● **GIVEN INFORMATION**
* * * * *

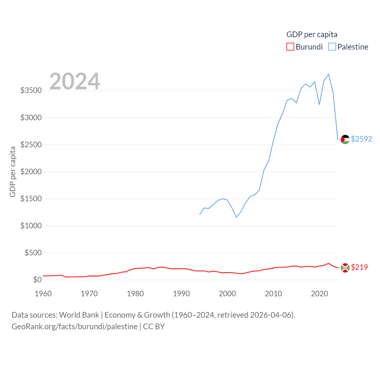 By GDP, Burundi ranks 169/197 ($3.08B) and Palestine ranks 146/197 ($13.7B). By GDP per capita, Burundi ranks 197/197 ($219.4), while Palestine ranks 147/197 ($2,592).
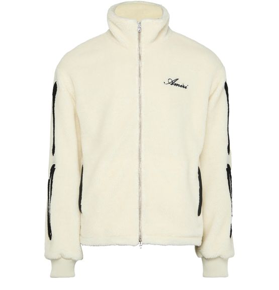 Amiri's Bones fleece jacket showcases a short, long-sleeved silhouette with a high neck for added warmth. Its zipper closure allows for effortless wear, while the embroidered chest logo adds a touch of style. With convenient side pockets, this casual jacket is perfect for laid-back outings or chilly evenings.
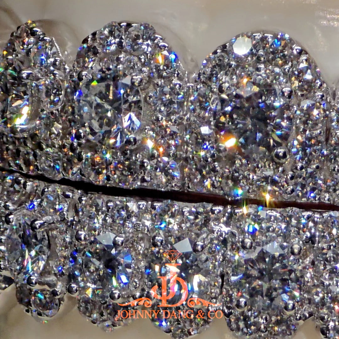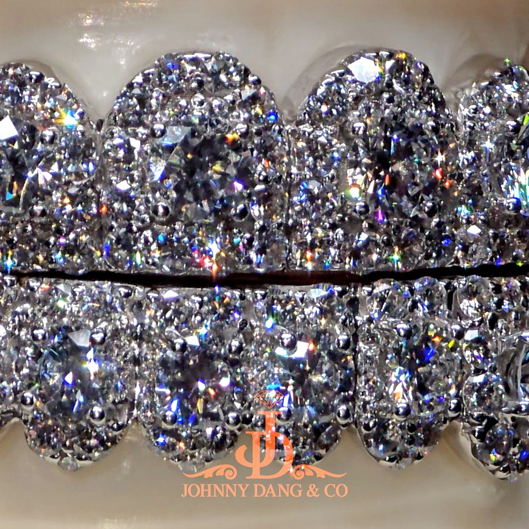 The Honeymoon® Set Grillz is Johnny Dang’s signature statement piece—an iconic blend of bold elegance and luxury. Each tooth features a dazzling honeycomb diamond layout crowned with a prominent center stone, creating a layered brilliance that instantly draws attention. Designed to elevate the classic flooded look, the large stones add dimension and drama, making this set a standout in any collection. Worn by celebrities like Megan Thee Stallion, FunnyMike, Finesse2Tymes, Bossman Dlow, and Kodak Black, the Honeymoon Set delivers an unforgettable shine that defines high-end custom jewelry.

* * * * *

● **TASK TO COMPLETE**
An exact transcription of the data above is needed, without the pictures.

● **RESULT BELOW**
 By GDP, Burundi ranks 169/197 ($3.08B) and Palestine ranks 146/197 ($13.7B). By GDP per capita, Burundi ranks 197/197 ($219.4), while Palestine ranks 147/197 ($2,592).
 Amiri's Bones fleece jacket showcases a short, long-sleeved silhouette with a high neck for added warmth. Its zipper closure allows for effortless wear, while the embroidered chest logo adds a touch of style. With convenient side pockets, this casual jacket is perfect for laid-back outings or chilly evenings.
 The Honeymoon® Set Grillz is Johnny Dang’s signature statement piece—an iconic blend of bold elegance and luxury. Each tooth features a dazzling honeycomb diamond layout crowned with a prominent center stone, creating a layered brilliance that instantly draws attention. Designed to elevate the classic flooded look, the large stones add dimension and drama, making this set a standout in any collection. Worn by celebrities like Megan Thee Stallion, FunnyMike, Finesse2Tymes, Bossman Dlow, and Kodak Black, the Honeymoon Set delivers an unforgettable shine that defines high-end custom jewelry.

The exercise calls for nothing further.